Dos factos constantes da impugnação, todos objectos de análise concreta, não se provaram os que não constam da factualidade supra descrita.».

B.DE DIREITO

Pretende o Recorrente que a sentença incorreu em nulidade por omissão de pronúncia porquanto e, nomeadamente, nada disse quanto à invocada falta de pronúncia da AT acerca da declaração de substituição do ano de 2004, apresentada juntamente com a reclamação graciosa, nem sobre a injustiça da liquidação.

Como constitui jurisprudência pacifica, as causas de nulidade de sentença (ou de outra decisão), encontram-se taxativamente enumeradas no art.º 615.º do CPC, com correspondência no art.º 125/1 do CPPT, aí se prevendo como fundamento de nulidade “a falta de pronúncia sobre questões que o juiz deva apreciar”.

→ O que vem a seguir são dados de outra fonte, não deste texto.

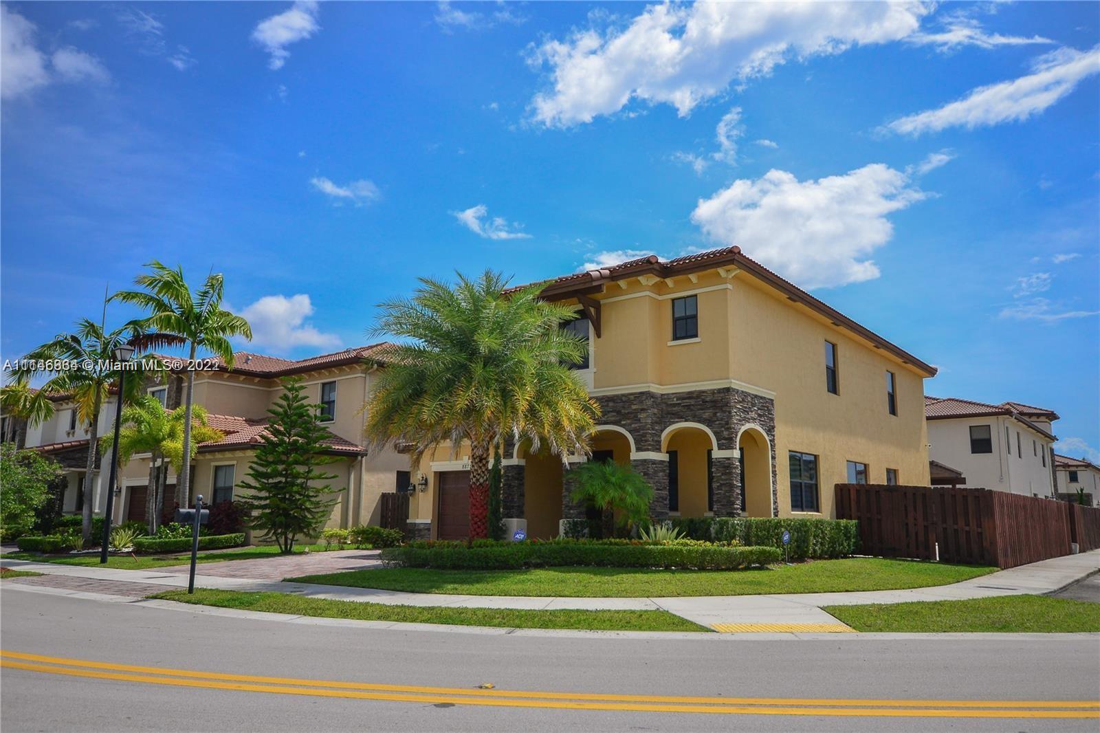 Corner lot single family home located in the prestigious gated community at Grand Bay Estates at Doral. European style Open & oversized kitchen integrating top of the stainless steel line appliances. Grand staircase leading to 2nd floor where you will find an expansive master suite with a huge walk-in closet & bath, & 3 additional rooms in which 2 share one bathroom and the other room has a private bathroom. This 4/4 baths, 2 story contemporary home features 3,128 SqFt of living area, located in a 5,566 Sq.Ft corner lot with direct lake views, & a spacious patio with room for pool or Jacuzzi. Amenities include 28k square-foot clubhouse, pools, tennis/basketball courts, gym & more! Close to great public & private schools, supermarkets, restaurants, & new Doral CityPlace shopping mall.

Relaciona-se esta nulidade com o comando do art.º 608/2 do CPC, segundo o qual, «O juiz deve resolver todas as questões que as partes tenham submetido à sua apreciação, exceptuadas aquelas cuja decisão esteja prejudicada pela solução dada a outras; não pode ocupar-se senão das questões suscitadas pelas partes, salvo se a lei lhe permitir ou impuser o conhecimento oficioso de outras».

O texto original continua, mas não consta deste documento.